[Start of section]

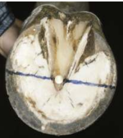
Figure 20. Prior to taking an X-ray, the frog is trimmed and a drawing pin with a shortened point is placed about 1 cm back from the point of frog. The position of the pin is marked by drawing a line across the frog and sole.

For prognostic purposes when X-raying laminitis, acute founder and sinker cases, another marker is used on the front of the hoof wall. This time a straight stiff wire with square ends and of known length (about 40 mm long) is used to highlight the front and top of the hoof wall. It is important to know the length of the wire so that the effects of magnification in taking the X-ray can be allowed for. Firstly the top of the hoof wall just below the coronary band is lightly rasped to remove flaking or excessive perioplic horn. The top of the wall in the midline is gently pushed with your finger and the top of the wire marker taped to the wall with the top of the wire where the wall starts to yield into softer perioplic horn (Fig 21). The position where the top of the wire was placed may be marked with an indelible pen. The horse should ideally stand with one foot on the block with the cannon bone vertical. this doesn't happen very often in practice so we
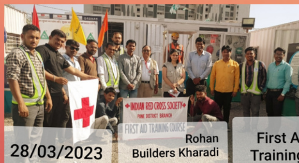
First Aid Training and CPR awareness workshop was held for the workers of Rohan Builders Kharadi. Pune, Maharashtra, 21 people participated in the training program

[End of section]
[Start of section]

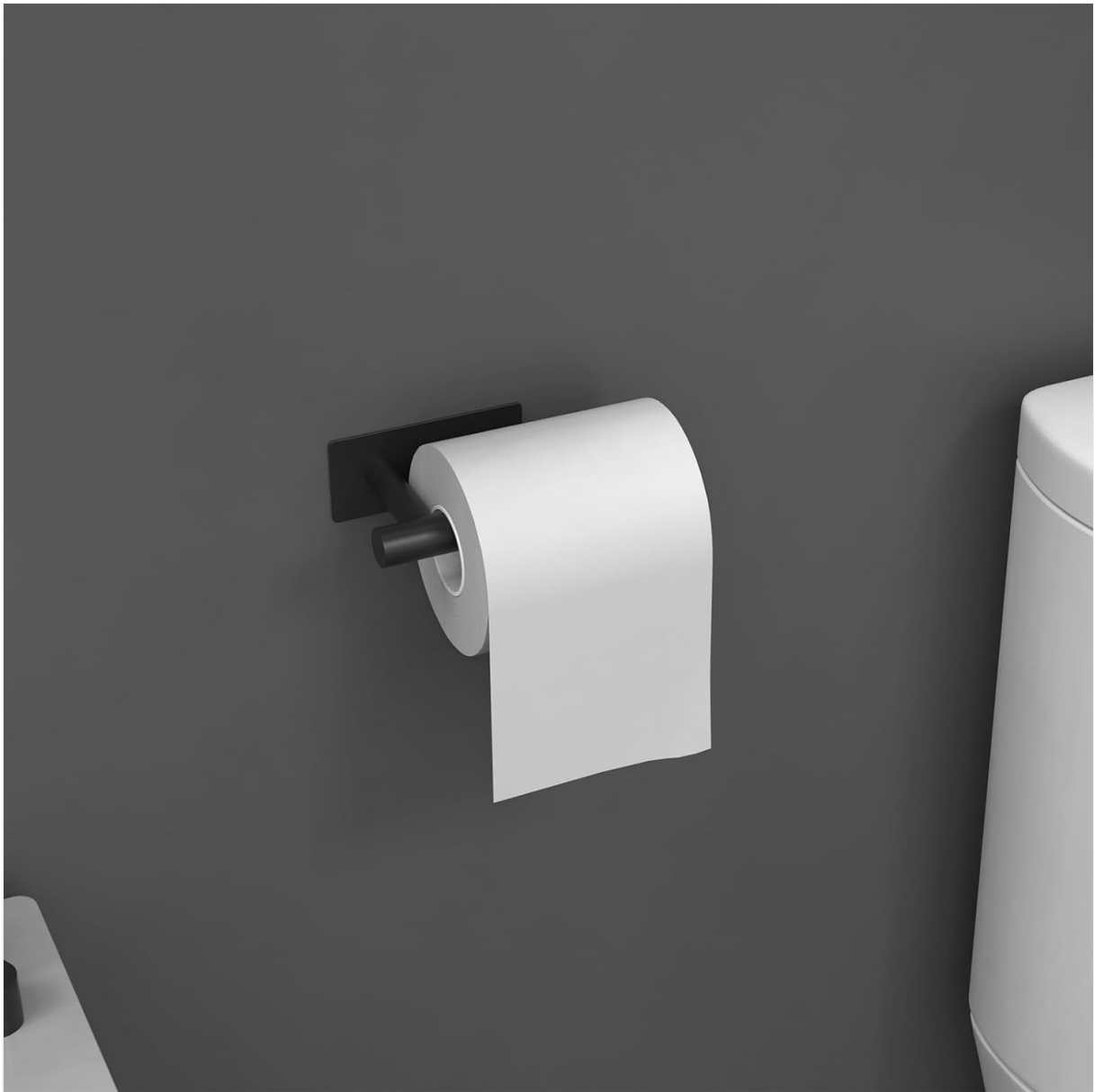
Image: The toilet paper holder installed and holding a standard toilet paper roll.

[End of section]

◆ About this task ◆
The answer must be a single number: how many lines of the data hold the word "placed".

◆ Finished task ◆
2